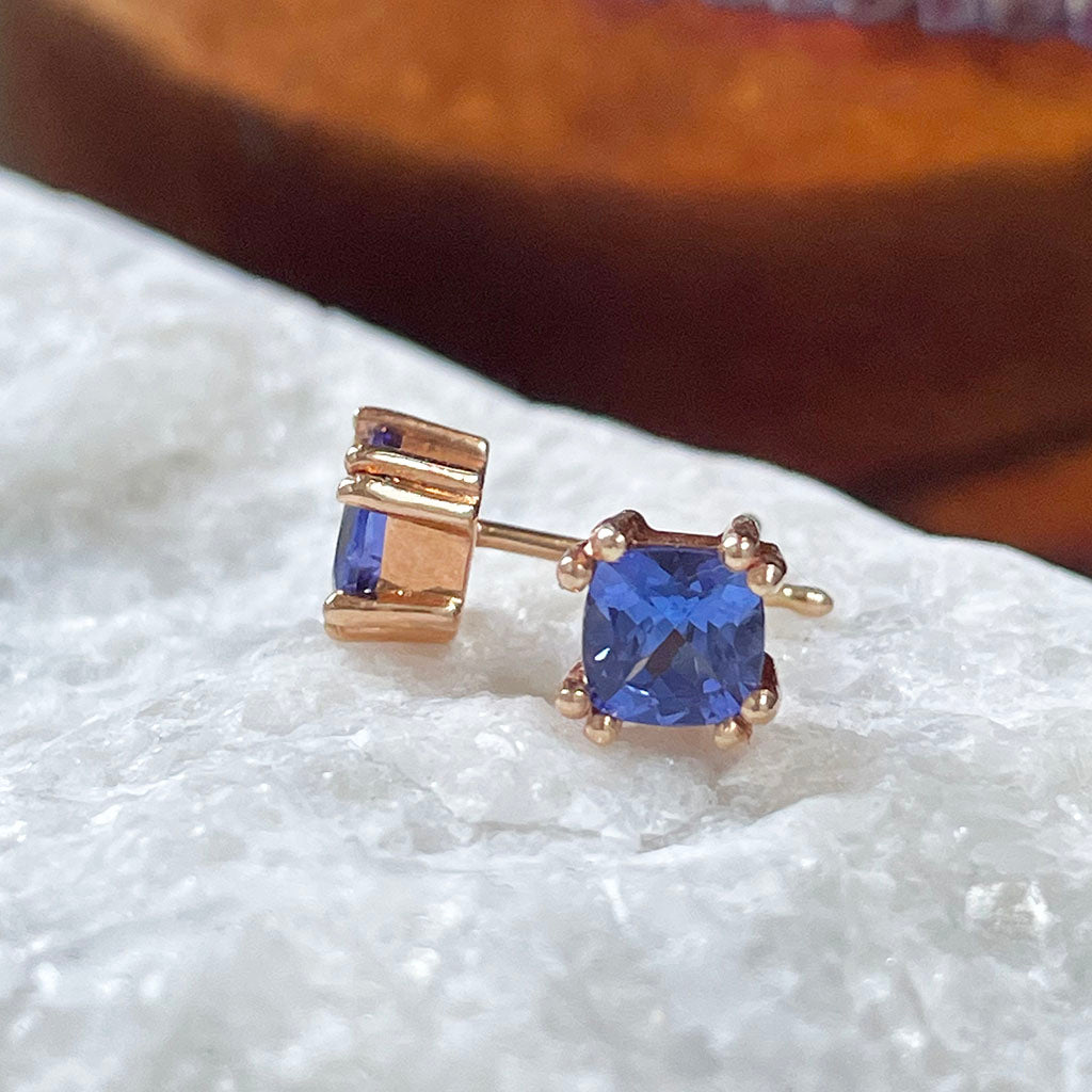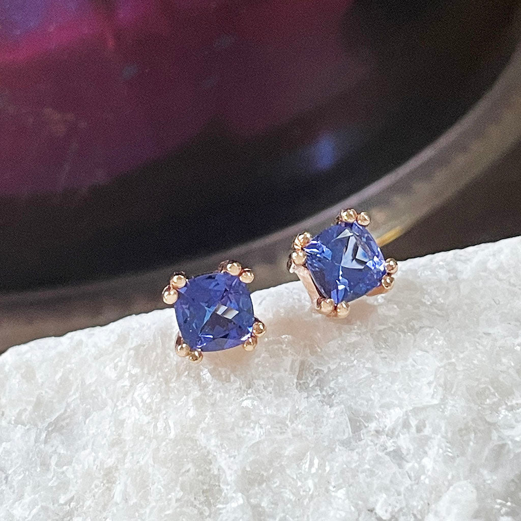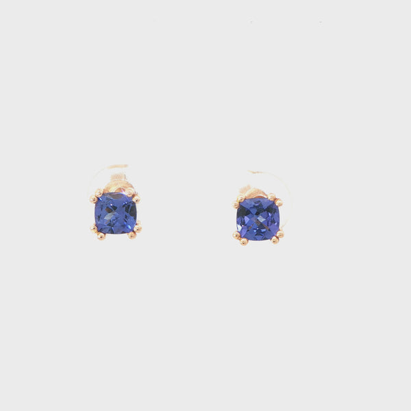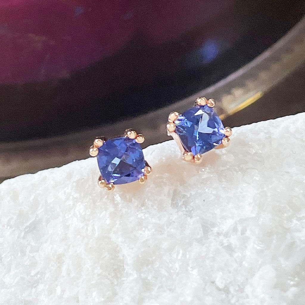 Elegant Double Claw Cushion Cut Rose Gold Tanzanite Studs
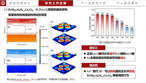 李成云:随着通信技术向毫米波与太赫兹频段发展,对微波介质陶瓷提出了更高要求:需具备超低介电常数(εᵣ ≤ 6)、高Q×f值、近零τf值以及低热膨胀系数(CTE)。然而,现有低介陶瓷往往τf呈较大负值、CTE偏高,且通过添加第二相调控会严重损害微波性能,导致多项参数难以协同优化。针对该难题,本人基于大隅石型BaMg₂Al₆Si₉O₃₀陶瓷,提出多面体耦合调控策略,通过以Ge⁴⁺部分取代Si⁴⁺,精准调控晶体结构。该方案有效抑制晶格振动,降低热膨胀,并增强键价共价性,从而在单相陶瓷中实现性能协同突破。最终BaMg₂Al₆Si₇.₇₅Ge₁.₂₅O₃₀组分中获得卓越综合性能:εᵣ = 5.84,Q×f = 32,351 GHz,τf = ‒7.27 ppm/°C,CTE低至+1.07 ppm/°C,为解决高频通信器件中材料性能难以协同优化的瓶颈问题提供了新的思路和一种极具应用潜力的候选材料。
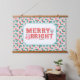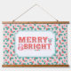 Cheerful Merry & Bright | Retro Pink and Red Holly Hanging Tapestry
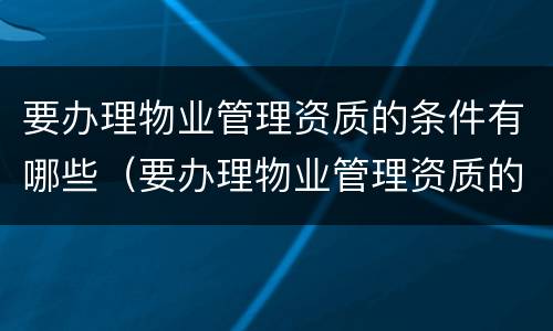 要办理物业管理资质的条件有哪些(要办理物业管理资质的条件有哪些呢)
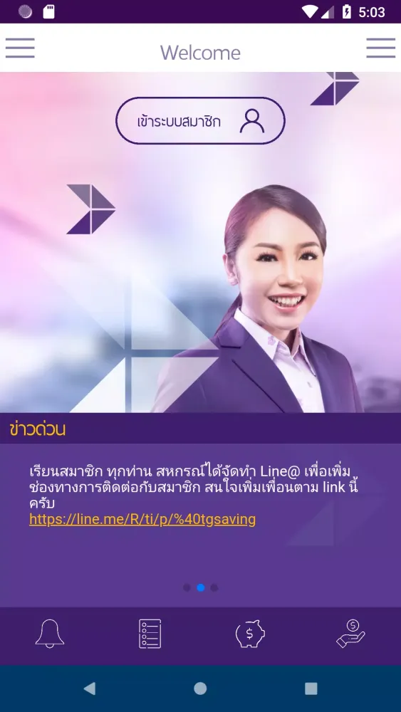 The TGSaving application is a specialized tool designed for employees of Thai Airways and other individuals who are either members of Thai Airways cooperatives or simply interested in exploring related resources. This application serves as a comprehensive platform for accessing essential information about cooperative organizations while ensuring secure access for authorized users. The application is structured into two distinct sections, each catering to specific needs.
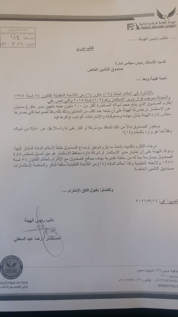 «الرقابة المالية» تخاطب صناديق التأمين الخاصة بتوفيق أوضاعها لإدارة محافظها الاستثمارية بواسطة إسلام عبد الحميد 17 مارس 2021 | 1:10 م كتب إسلام عبد الحميد 17 مارس 2021 | 1:10 م النشر FacebookTwitterPinterestLinkedinWhatsappTelegramEmail 80 أصدر المستشار رضا عبدالمعطي، نائب رئيس مجلس إدارة الهيئة العامة للرقابة المالية، كتاب دوري يخاطب به صناديق التأمين الخاصة للتنبيه بضرورة توفيق أوضاعها مع المادة 14 مكرر 1 من اللائحة التنفيذية للقانون 54 لسنة 1975؛ والمعدلة بموجب قرار وزير الاستثمار رقم 109 لسنة 2015. وتنص هذه المادة السابق ذكرها على أنه يلتزم الصندوق الذي يبلغ حجم أمواله المستثمرة أكثر من 100 مليون جنيه بتعيين مدير متفرغ مسئول عن الاستثمار ترخص له الهيئة على أن يتبعه عدد كافٍ من العاملين، وذلك كله وفقًا للضوابط التي يصدرها مجلس إدارة الهيئة بشأن مهامه ومسئولياته والاشتراطات الواجب توافرها فيه، ويجوز للصندوق بدلًا من ذلك التعاقد مع شركة أو أكثر على إدارة ما لا يقل عن 80% من أمواله وفقًا لما هور وارد بالمادة 14. إقرأ أيضاً الرقابة lلمالية تقلص مهلة تقديم خطط استيفاء التزامات شركات التأمين إلى 3 أشهر مهلة 6 أشهر لمكاتب تمثيل شركات التأمين و«الإعادة» الأجنبية لتوفيق أوضاعها للعمل بالسوق المصرية مهلة 6 أشهر لشركات التأمين لتوفيق أوضاعها مع الضوابط الجديدة لنشاط «متناهي الصغر» وأكد عبدالمعطي في كتابه الدوري على أن تعيين مدير استثمار أو شركة إدارة محافظ الاستثمار حق أصيل لمجلس إدارة الصندوق بممارسة بما له من سلطة تقديرية بالاختيار، بهدف صالح الصندوق مع الالتزام بأحكام القانون 54 لسنة 1975 ولائحته التنفيذية وكذلك أحكام المادة 14 من اللائحة التنفيذية، والمنظمة لاستثمارات صناديق التأمين الخاصة. وكان قد أعلن المستشار رضا عبدالمعطي، نائب رئيس الهيئة العامة للرقابة المالية، في تصريحات صحفية سابقة، أن الاستراتيجية القومية للخدمات المالية غير المصرفية المعدة من قبل الهيئة العامة للرقابة المالية تهدف رفع صافى استثمارات شركات التأمين إلى حوالى 150 مليار جنيه بحلول عام 2022، مقابل 86 مليار جنيه خلال عام 2017، وأن يصل حجم صناديق التأمين الخاصة إلى 100 مليار جنيه مقارنة بمبلغ 61 مليار جنيه خلال العام الماضي. وترتبط صناديق التأمين الخاصة بقطاع التأمين، والتي تُعد شكل آخر لأدوات الادخار، وهي عبارة عن أنظمة تأمينية يتم تسجيلها بحيث تصبح منفصلة عن الجهة المنشأة لها، ويتم تكوينها لأغراض منح مزايا لمجموعه من العاملين بالجهة المنشأة، وتكون في شكل مزايا تأمينيه أو معاشات إضافية أو مزايا اجتماعية أو رعاية صحية. وينظم قانون صناديق التأمين الخاصة رقم 54 لسنة 1975 ولائحته التنفيذية نشاط صناديق التامين الخاصة في مصر، وفى إطار تطوير القواعد المنظمة لصناديق التأمين الخاصه تم تعديل اللائحة التنفيذية للقانون عام 2015. اللينك المختصرللمقال: https://amwalalghad.com/0dpg استثماراتالهيئة العامة للرقابة الماليةرضا عبدالمعطيسوق المالصناديق التأمين الخاصة
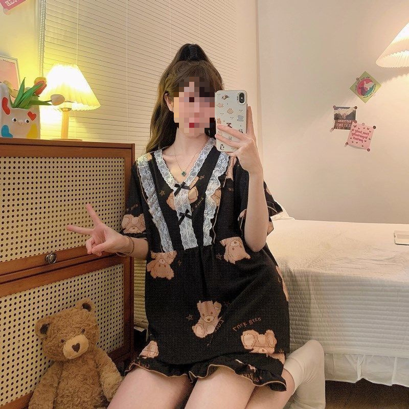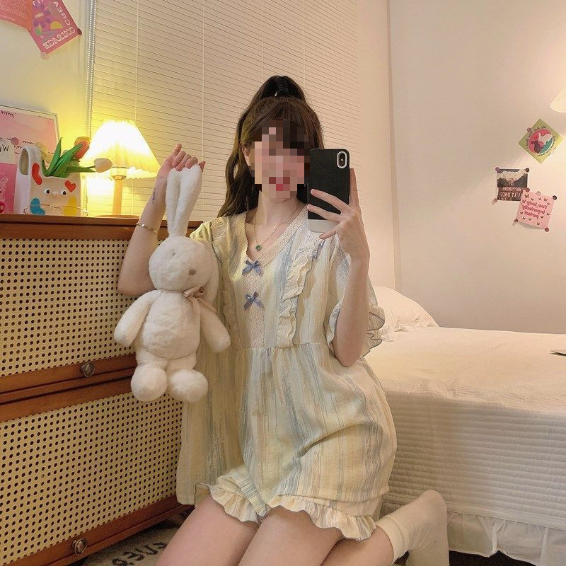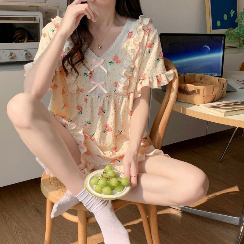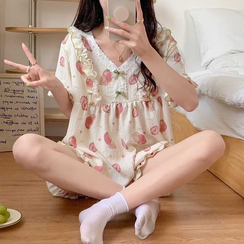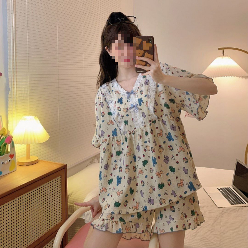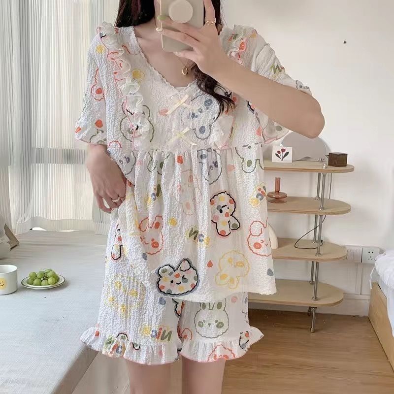 150kg 뚱뚱한 mm 플러스 사이즈 잠옷 여성 여름 얇은 ins 라이트 루즈 반팔 반바지 홈웨어 투피스 세트
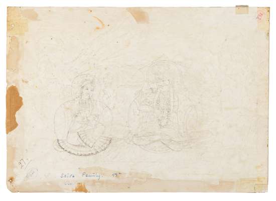 ink and gouache on paper, highlights in gold, depicting Shiva seated with Parvati with their children Kartitikeya and Ganesha standing to either side waving cauris, on a rose covered terrace with a balustrade behind, Nandi and Parvati's lion in the foreground, a further pencil drawing on verso with the two main subjects, mounted, glazed and framed
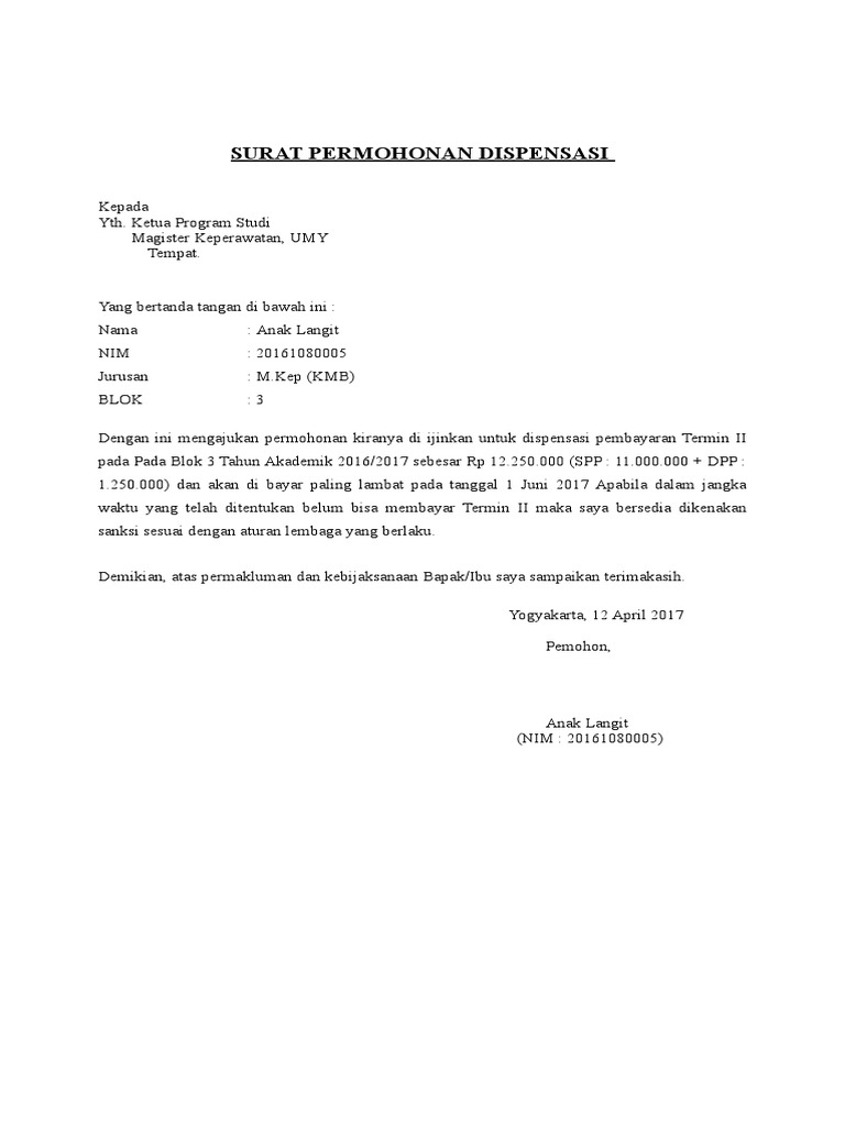 Contoh surat permohonan dispensasi pembayaran spp. Contoh Surat Dispensasi Pembayaran Spp Kuliah. Pasal 13 Peraturan Direktur Jenderal Perbendaharaan Nomor PER-37PB2014 tentang Pedoman Pelaksanaan Penerimaan dan Pengeluaran Negara Akhir Tahun Anggaran 2014 telah mengatur batas waktu penyampaian SPM-LS oleh Pejabat Penandatangan Surat Perintah Membayar PPSPM ke Kantor Pelayanan Perbendaharaan Negara KPPN sebagai berikut. Admin dari blog bagikan contoh 2019 juga mengumpulkan gambar gambar lainnya terkait contoh surat permohonan penundaan pembayaran spp kuliah dibawah ini.
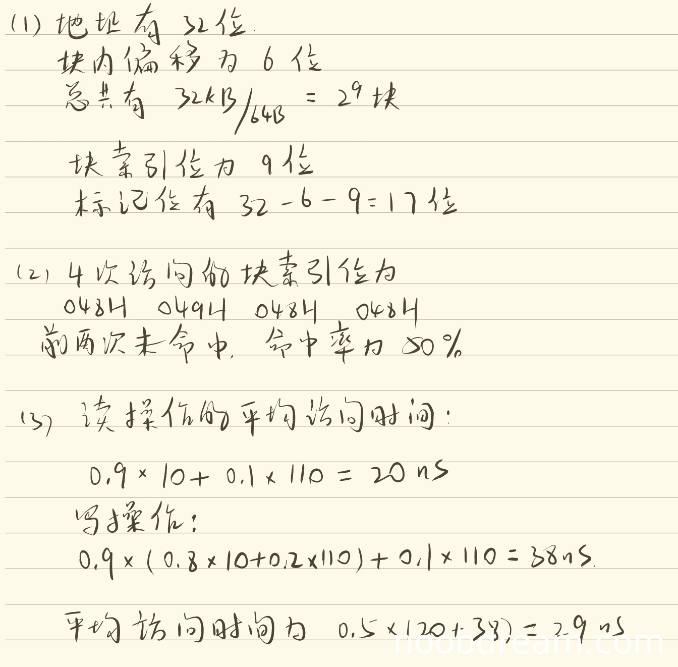 此错误属于逻辑错误,扣2分。最终平均时间计算为29ns(错误),但基于读操作正确部分,得1分。因此(3)部分得2分。
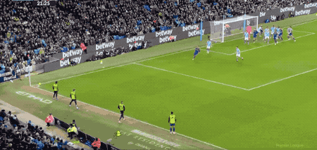 第52分钟,纽卡斯尔获得前场任意球,霍尔的射门绕过人墙,但没有命中球门范围之内。
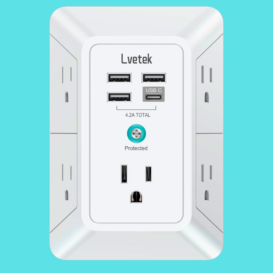 Maximize your existing outlet with this sleek, surge-protected plug-in, which features five traditional AC outlets, one USB-C port and three USB-B ports to support your different devices and their specific chargers.
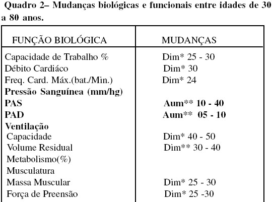 Conforme pode-se constatar, verificamos descritas no quadro a seguir algumas das principais funções fisiológicas do corpo humano, bem como as mudanças biológicas e estruturais que diminuem gradativamente e naturalmente as suas funções, tendo em vista o envelhecimento dos órgãos e tecidos, os quais atingiram o ápice de seu funcionamento durante a fase adulta.
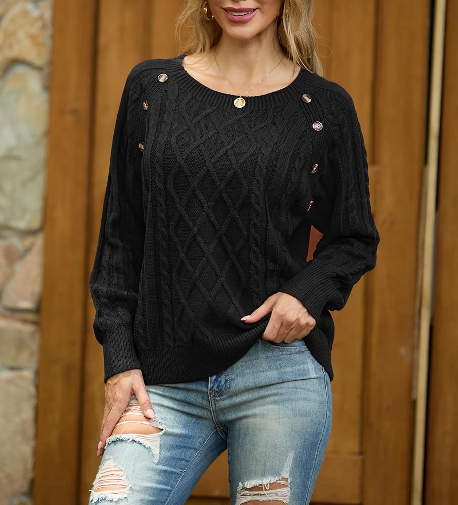 This trendy sweater made of full acrylic fabric for excellent warmth, soft to touch, lightweight and stretchy. Machine washable, avoid alkaline detergent and do not bleach
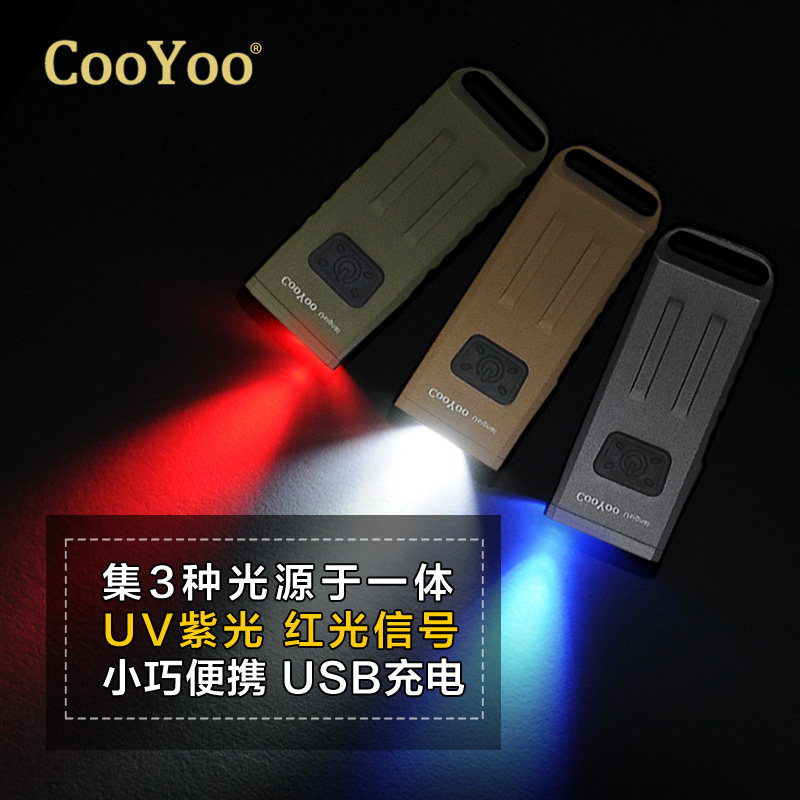 CooYoo mini U-shaped light strong light flashlight tactical signal light car key LED light USB charging waterproof
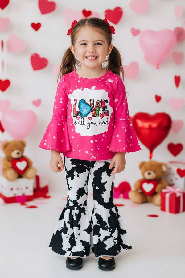 Top features "Love your all you need" wording w/jewel, leopard prints on tie dye pink background & ruffle long sleeves. Bottoms in cow prints w/ falre, match top as a set. Soft, breathable, stretchy, and comfortable fabric. Adorable for all season ,cute western girls' outfit. Material: Polyester & Spandex. Includes: Top & Bottoms.
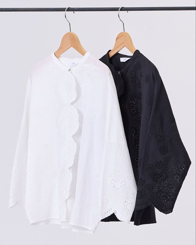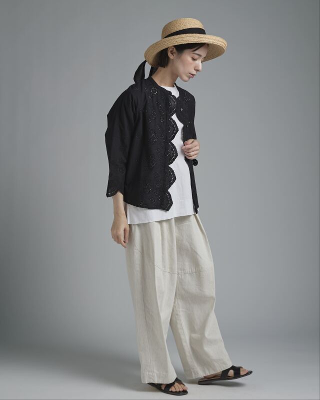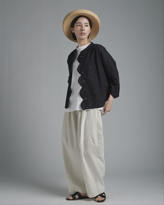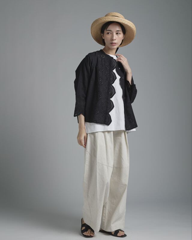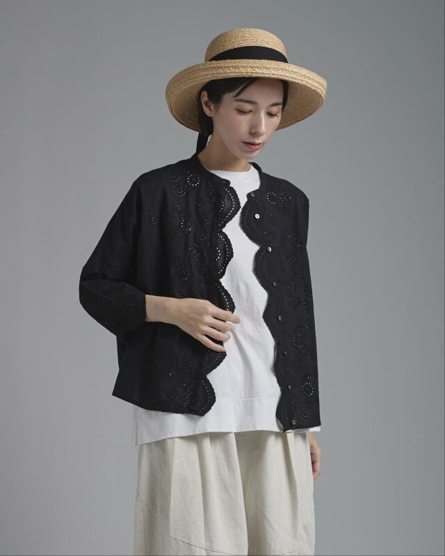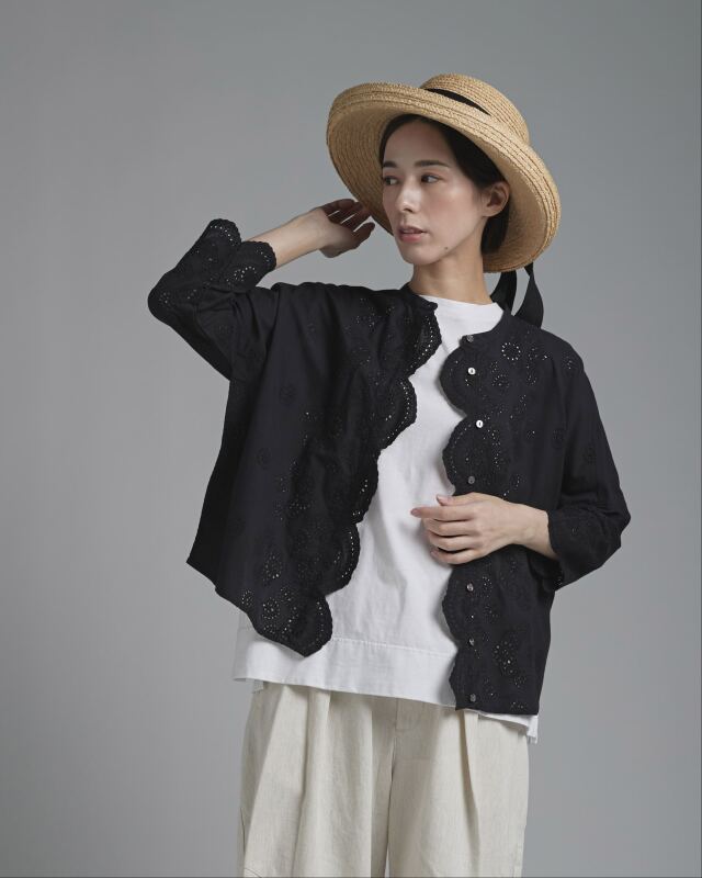 小花の刺繍を施した綿レース素材を使用。波状にカットされたスカラップが、やわらかな陰影を生み出し、女性らしい表情を添えます。綿ならではの軽やかさがあり、肌に触れる感触も心地よく感じられます。

**WHAT YOU ARE ASKED TO DO**
Make an exact copy of the lines from the top of the material through the line with "要办理物业管理资质的条件有哪些(要办理物业管理资质的条件有哪些呢)", pictures excluded.

**PROBLEM SOLUTION**
 Elegant Double Claw Cushion Cut Rose Gold Tanzanite Studs
 李成云:随着通信技术向毫米波与太赫兹频段发展,对微波介质陶瓷提出了更高要求:需具备超低介电常数(εᵣ ≤ 6)、高Q×f值、近零τf值以及低热膨胀系数(CTE)。然而,现有低介陶瓷往往τf呈较大负值、CTE偏高,且通过添加第二相调控会严重损害微波性能,导致多项参数难以协同优化。针对该难题,本人基于大隅石型BaMg₂Al₆Si₉O₃₀陶瓷,提出多面体耦合调控策略,通过以Ge⁴⁺部分取代Si⁴⁺,精准调控晶体结构。该方案有效抑制晶格振动,降低热膨胀,并增强键价共价性,从而在单相陶瓷中实现性能协同突破。最终BaMg₂Al₆Si₇.₇₅Ge₁.₂₅O₃₀组分中获得卓越综合性能:εᵣ = 5.84,Q×f = 32,351 GHz,τf = ‒7.27 ppm/°C,CTE低至+1.07 ppm/°C,为解决高频通信器件中材料性能难以协同优化的瓶颈问题提供了新的思路和一种极具应用潜力的候选材料。
 Cheerful Merry & Bright | Retro Pink and Red Holly Hanging Tapestry
 要办理物业管理资质的条件有哪些(要办理物业管理资质的条件有哪些呢)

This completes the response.